Segment Start: SUPPLIED ENTRIES
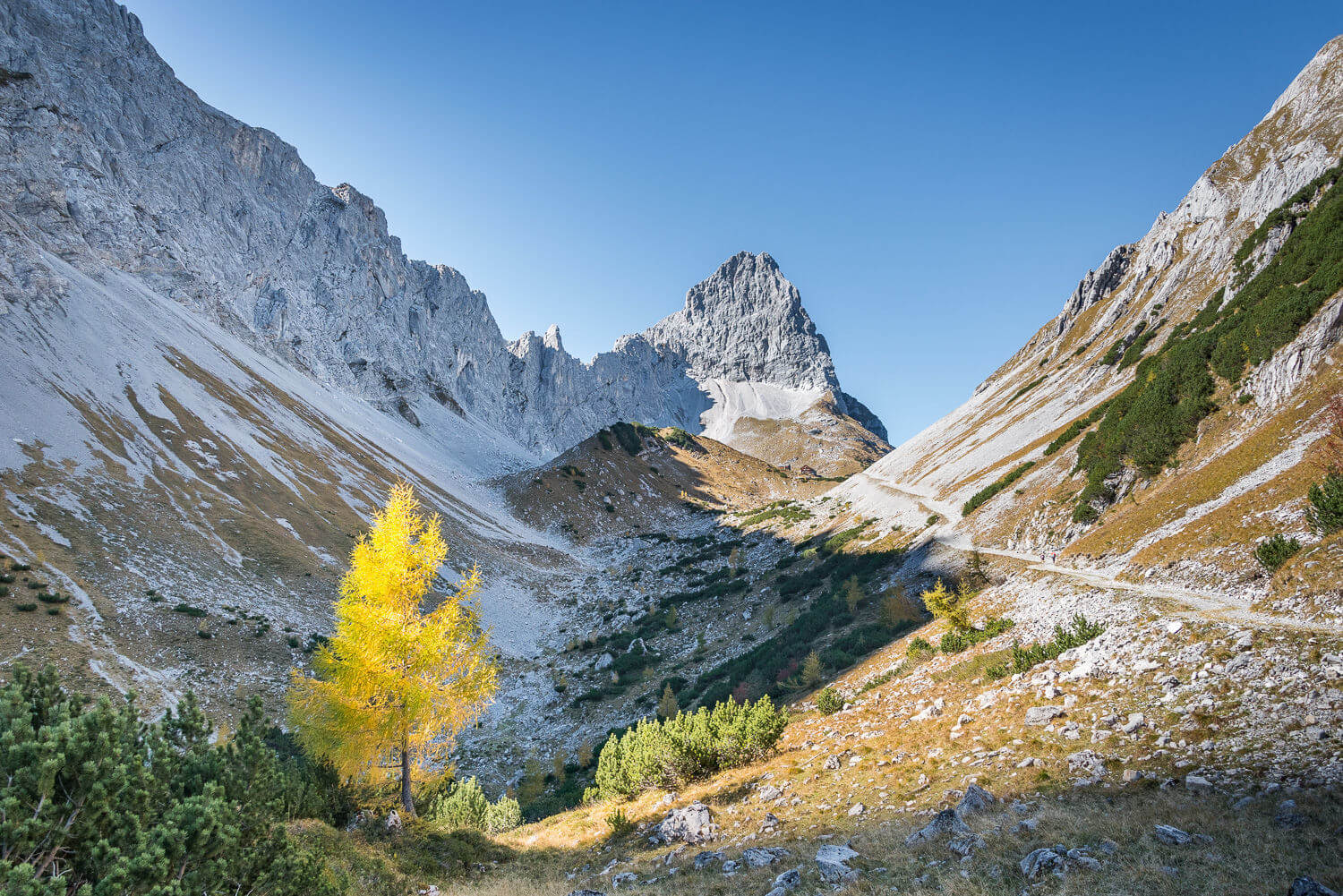 Im Engtal, mitten im Naturpark Karwendel, liegt der Große Ahornboden. Hier wachsen über 2.300 uralte Bergahornbäume auf einer riesigen Almfläche – manche sind schon über 600 Jahre alt. Im Frühling und Herbst leuchtet der Ahornboden in kräftigen Farben und bietet ein einzigartiges Panorama mit den mächtigen Karwendelgipfeln im Hintergrund. Der Ahornboden ist ideal für gemütliche Spaziergänge, Picknicks und als Ausgangspunkt für Wanderungen zur Engalm oder Binsalm.
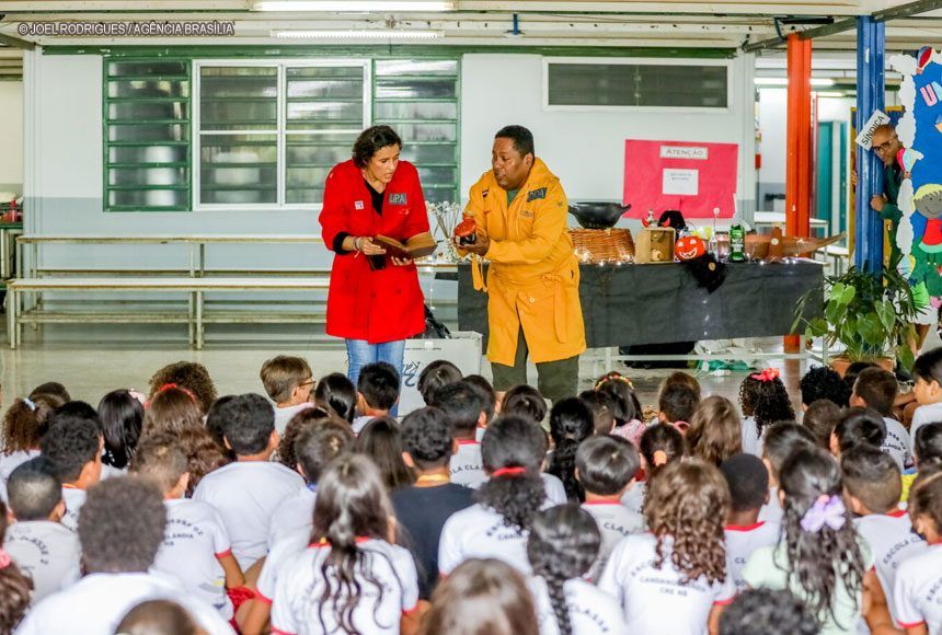 Os profissionais da Unidade Básica de Saúde (UBS) 1 da Candangolândia encarnaram por um dia os personagens da franquia brasileira Detetives do Prédio Azul para transmitir aos alunos da Escola Classe 2 (EC 2) da Candangolândia os conhecimentos sobre a dengue, doença que cresceu na região administrativa. Em 2021, a cidade registrou 36 casos suspeitos e, neste ano, o número subiu para 253, segundo o Boletim Epidemiológico da Secretaria de Saúde.
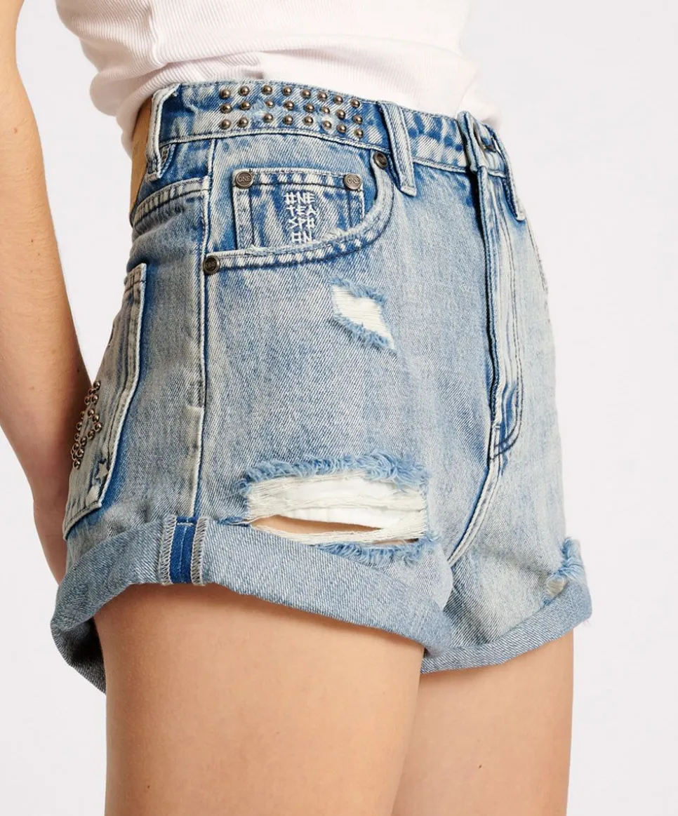 The High Waist Bandits. Our Cult Classic Denim Shorts, But High Waisted! Semi Relaxed In Fit. Fitted Around The Waist And Slouchy Through The Hip. Slouchy In All The Right Places And Includes Our Bower Bird Button And Signature Hem, Rolled And Twisted – Just Like A Bandit. Designed To Fit At The Small Highest Part Of Your Waist.
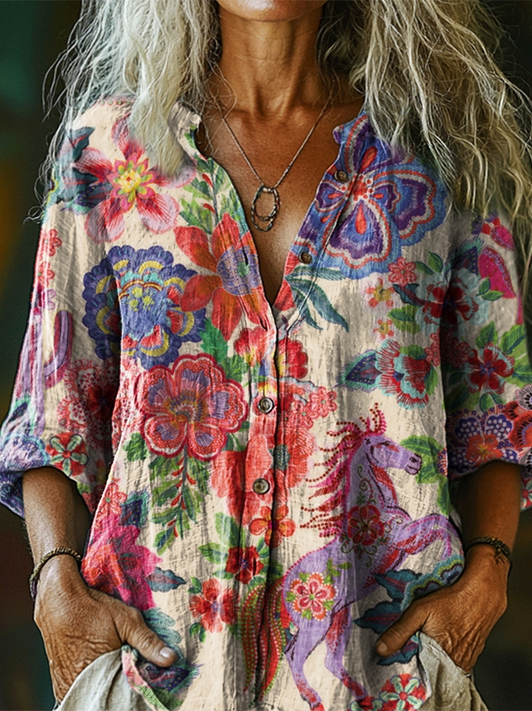 Women's Colorful Folk Flower Art Print Casual Cotton Linen Shirt
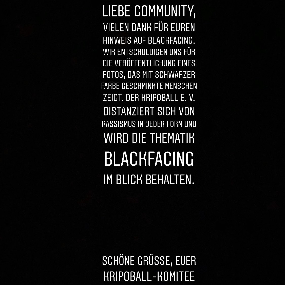 Nice try. Ihr habt also das Wort "Hautfarbe" verändert. Noch einmal die Frage: Versteht ihr, warum man sich nicht von Rassismus "distanzieren" kann. Und was heißt das "die Thematik Blackfacing im Blick behalten"? Was sind die konkreten Maßnahmen?
Segment End: SUPPLIED ENTRIES
• TO DO:
Please retype the data exactly as it appears, but without any of its pictures.

• ANSWER SECTION:
 Im Engtal, mitten im Naturpark Karwendel, liegt der Große Ahornboden. Hier wachsen über 2.300 uralte Bergahornbäume auf einer riesigen Almfläche – manche sind schon über 600 Jahre alt. Im Frühling und Herbst leuchtet der Ahornboden in kräftigen Farben und bietet ein einzigartiges Panorama mit den mächtigen Karwendelgipfeln im Hintergrund. Der Ahornboden ist ideal für gemütliche Spaziergänge, Picknicks und als Ausgangspunkt für Wanderungen zur Engalm oder Binsalm.
 Os profissionais da Unidade Básica de Saúde (UBS) 1 da Candangolândia encarnaram por um dia os personagens da franquia brasileira Detetives do Prédio Azul para transmitir aos alunos da Escola Classe 2 (EC 2) da Candangolândia os conhecimentos sobre a dengue, doença que cresceu na região administrativa. Em 2021, a cidade registrou 36 casos suspeitos e, neste ano, o número subiu para 253, segundo o Boletim Epidemiológico da Secretaria de Saúde.
 The High Waist Bandits. Our Cult Classic Denim Shorts, But High Waisted! Semi Relaxed In Fit. Fitted Around The Waist And Slouchy Through The Hip. Slouchy In All The Right Places And Includes Our Bower Bird Button And Signature Hem, Rolled And Twisted – Just Like A Bandit. Designed To Fit At The Small Highest Part Of Your Waist.
 Women's Colorful Folk Flower Art Print Casual Cotton Linen Shirt
 Nice try. Ihr habt also das Wort "Hautfarbe" verändert. Noch einmal die Frage: Versteht ihr, warum man sich nicht von Rassismus "distanzieren" kann. Und was heißt das "die Thematik Blackfacing im Blick behalten"? Was sind die konkreten Maßnahmen?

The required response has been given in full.